- _Source material_
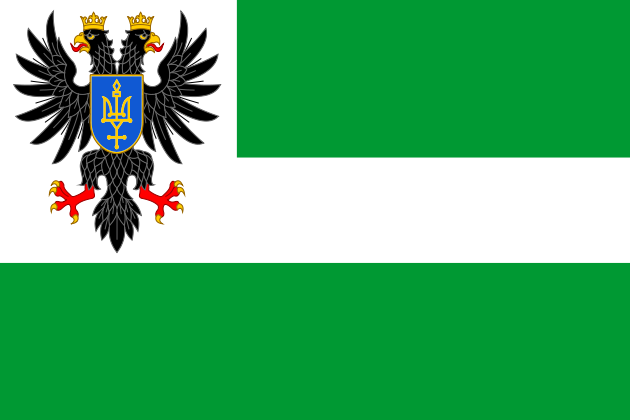 Flag of Chernihiv Oblast, Ukraine
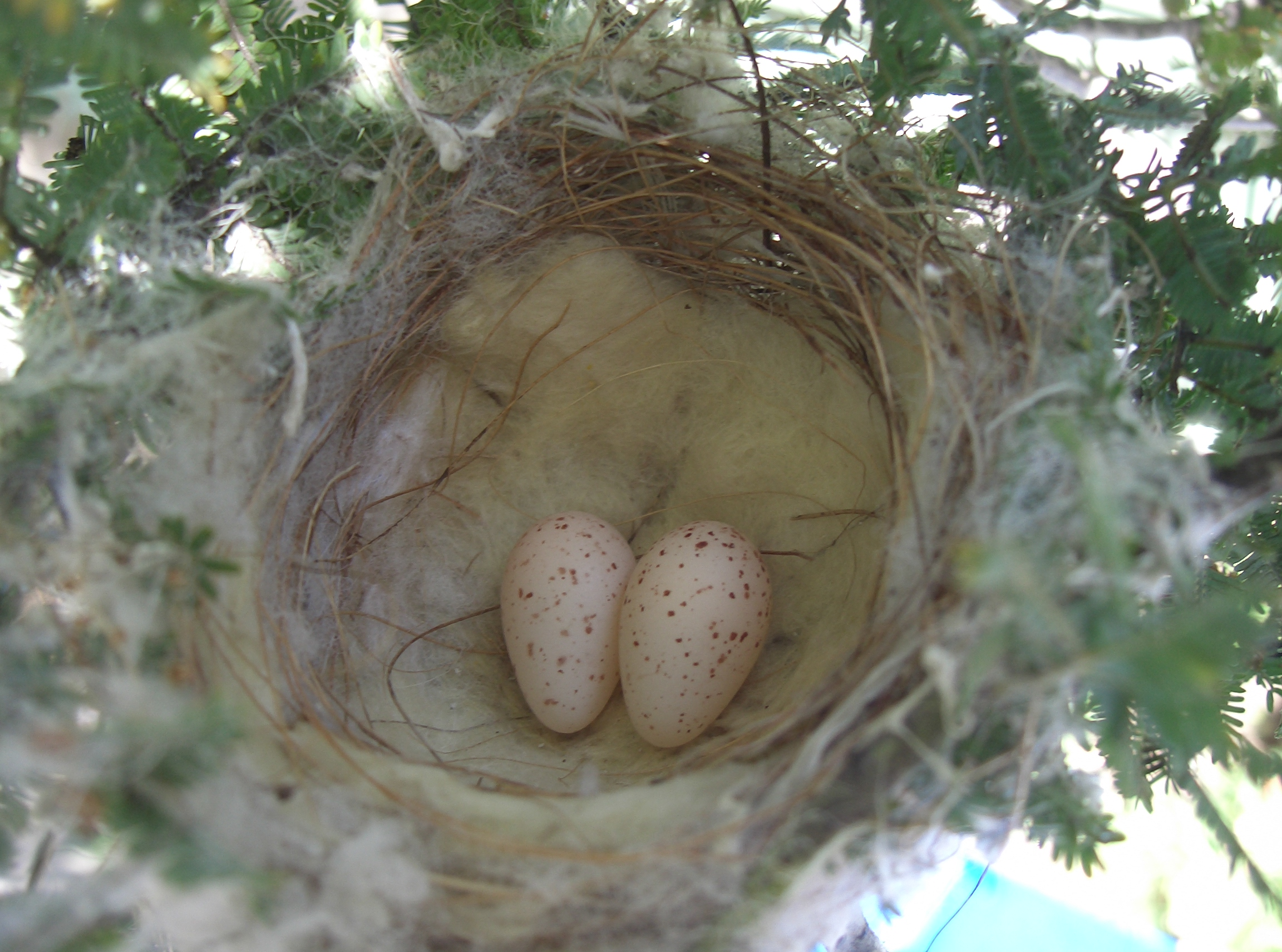 Lichenostomus penicillatus (White-plumed Honeyeater) nest with two eggs. In a suburban backyard in Melbourne, Australia.
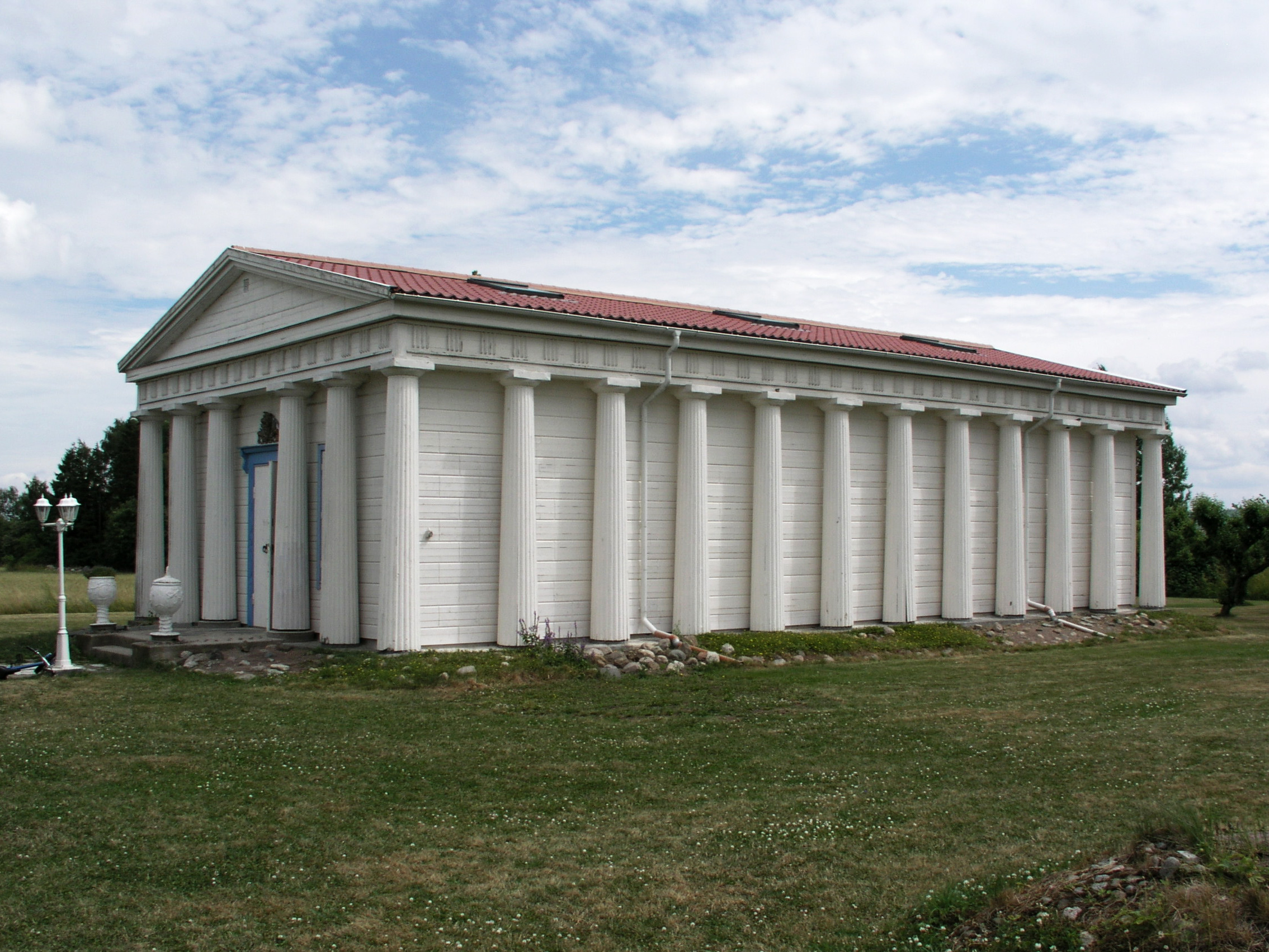 Tempelgården, art museum, Visingsö, Jönköping, Sweden
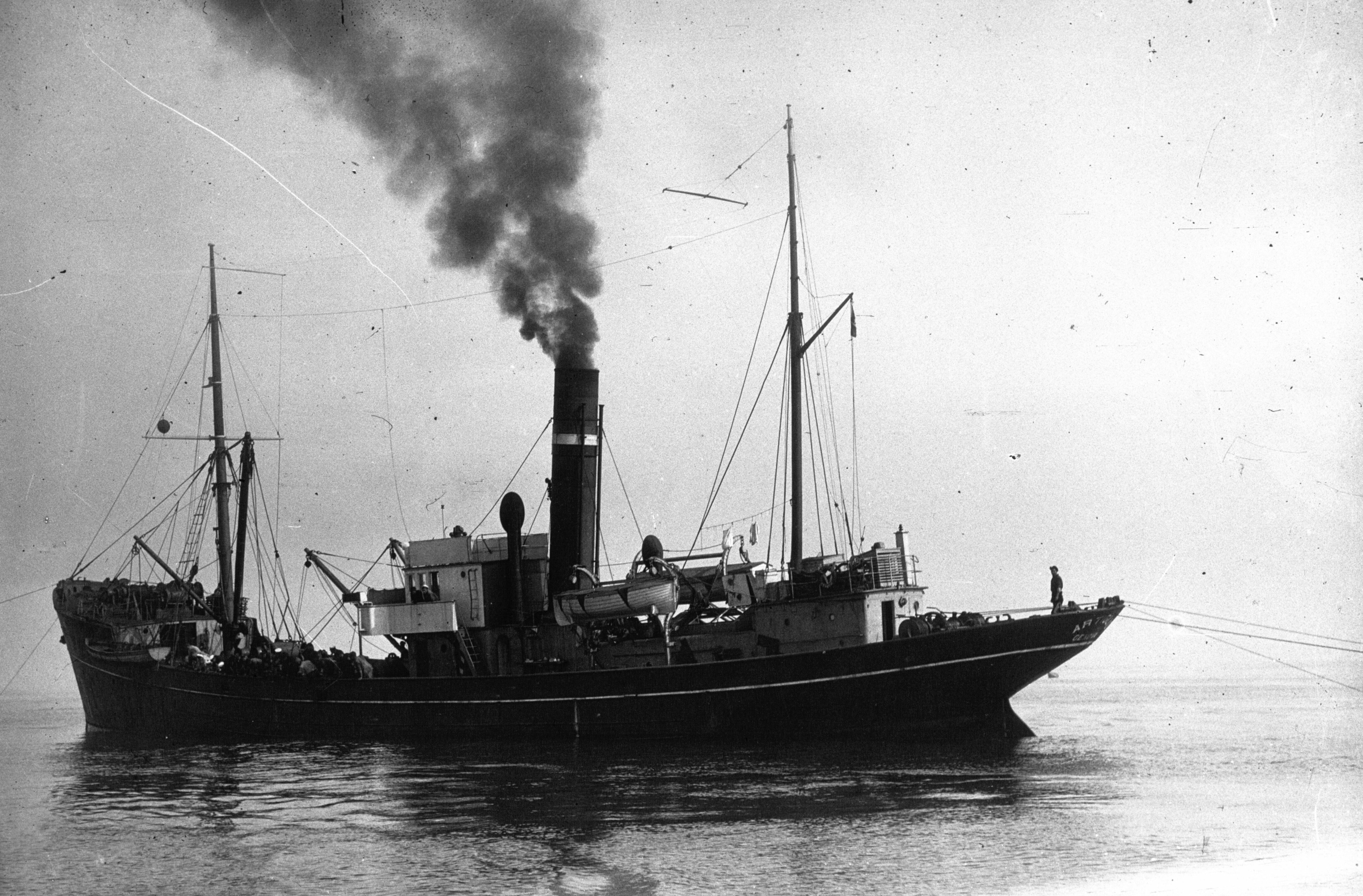 The ship Artiglio in Cherbourg
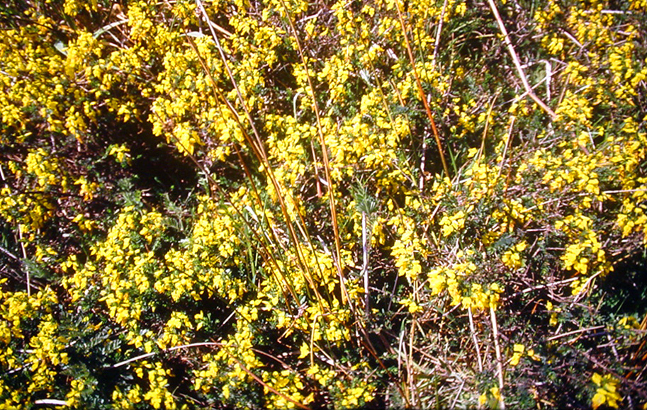 Genista anglica subsp. anglica in one of the Natural reserves of "Plateau d'Helfaut", at Blendecques or Heurginghem in the north of France, near St Omer, photographed on the edge of a pound.
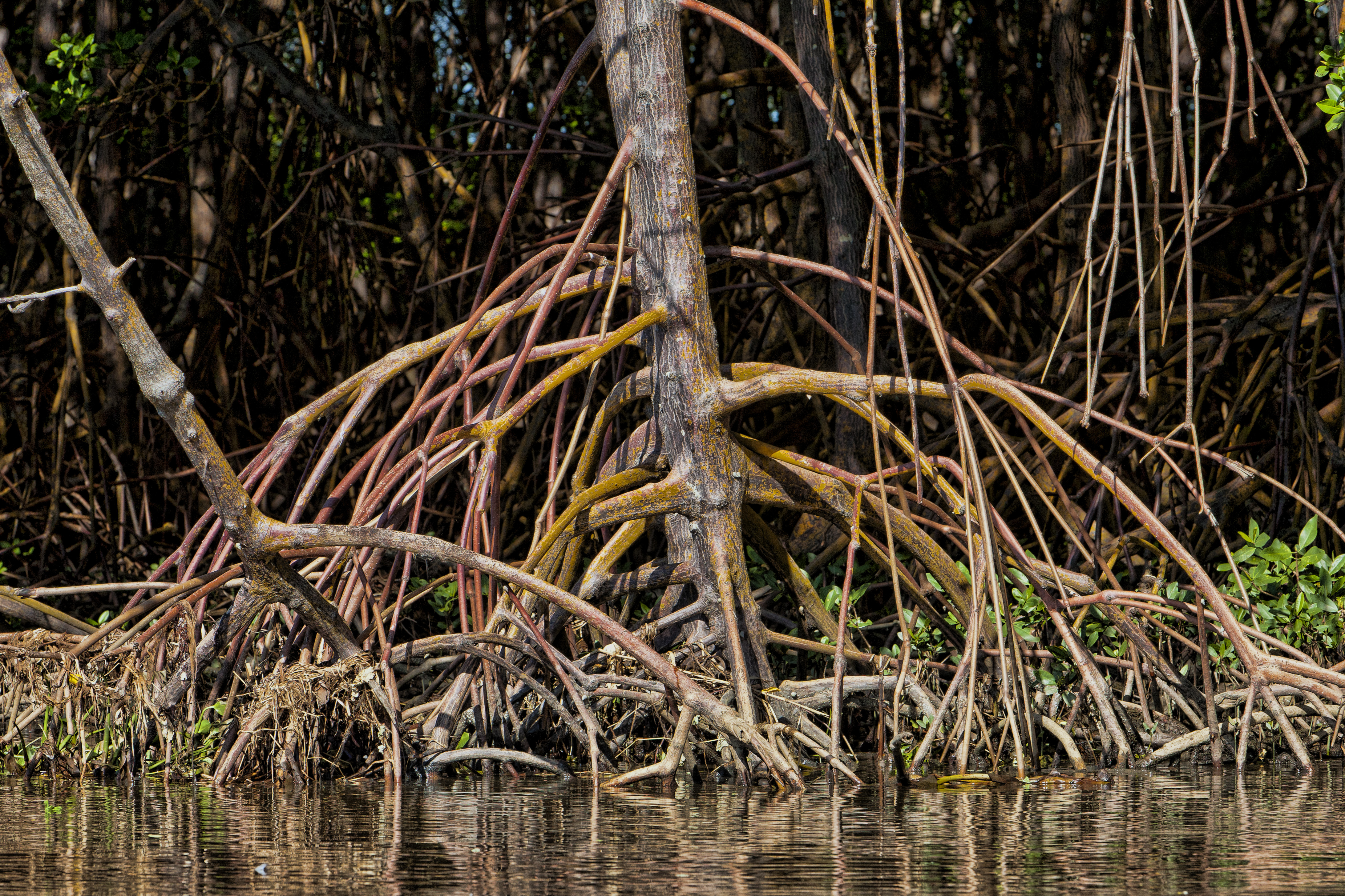 Detail of red mangrove (Rhizophora mangle) roots in Prado, Bahia state, Brazil. Mangroves are various kinds of trees up to medium height and shrubs that grow in saline coastal sediment habitats in the tropics and subtropics – mainly between latitudes 25° N and 25° S. The remaining mangrove forest areas of the world in 2000 was 53,190 square miles (137,760 km²) spanning 118 countries and territories.[1][2] The word is used in at least three senses: (1) most broadly to refer to the habitat and entire plant assemblage or mangal,[3][page needed] for which the terms mangrove forest biome, mangrove swamp and mangrove forest are also used, (2) to refer to all trees and large shrubs in the mangrove swamp, and (3) narrowly to refer to the mangrove family of plants, the Rhizophoraceae, or even more specifically just to mangrove trees of the genus Rhizophora. The term "mangrove" comes to English from Spanish (perhaps by way of Portuguese), and is of Caribbean origin, likely Taíno. It was earlier "mangrow" (from Portugues mangue or Spanish mangle), but this was corrupted via folk etymology influence of "grove".The mangrove biome, or mangal, is a distinct saline woodland or shrubland habitat characterized by a depositional coastal environments, where fine sediments (often with high organic content) collect in areas protected from high-energy wave action. Mangroves dominate three quarters of tropical coastlines.[4] The saline conditions tolerated by various mangrove species range from brackish water, through pure seawater (30 to 40 ppt), to water concentrated by evaporation to over twice the salinity of ocean seawater (up to 90 ppt).[4][5]

- _Work task_
Print the data again word for word, pictures excluded.

- _Answer space_
 Flag of Chernihiv Oblast, Ukraine
 Lichenostomus penicillatus (White-plumed Honeyeater) nest with two eggs. In a suburban backyard in Melbourne, Australia.
 Tempelgården, art museum, Visingsö, Jönköping, Sweden
 The ship Artiglio in Cherbourg
 Genista anglica subsp. anglica in one of the Natural reserves of "Plateau d'Helfaut", at Blendecques or Heurginghem in the north of France, near St Omer, photographed on the edge of a pound.
 Detail of red mangrove (Rhizophora mangle) roots in Prado, Bahia state, Brazil. Mangroves are various kinds of trees up to medium height and shrubs that grow in saline coastal sediment habitats in the tropics and subtropics – mainly between latitudes 25° N and 25° S. The remaining mangrove forest areas of the world in 2000 was 53,190 square miles (137,760 km²) spanning 118 countries and territories.[1][2] The word is used in at least three senses: (1) most broadly to refer to the habitat and entire plant assemblage or mangal,[3][page needed] for which the terms mangrove forest biome, mangrove swamp and mangrove forest are also used, (2) to refer to all trees and large shrubs in the mangrove swamp, and (3) narrowly to refer to the mangrove family of plants, the Rhizophoraceae, or even more specifically just to mangrove trees of the genus Rhizophora. The term "mangrove" comes to English from Spanish (perhaps by way of Portuguese), and is of Caribbean origin, likely Taíno. It was earlier "mangrow" (from Portugues mangue or Spanish mangle), but this was corrupted via folk etymology influence of "grove".The mangrove biome, or mangal, is a distinct saline woodland or shrubland habitat characterized by a depositional coastal environments, where fine sediments (often with high organic content) collect in areas protected from high-energy wave action. Mangroves dominate three quarters of tropical coastlines.[4] The saline conditions tolerated by various mangrove species range from brackish water, through pure seawater (30 to 40 ppt), to water concentrated by evaporation to over twice the salinity of ocean seawater (up to 90 ppt).[4][5]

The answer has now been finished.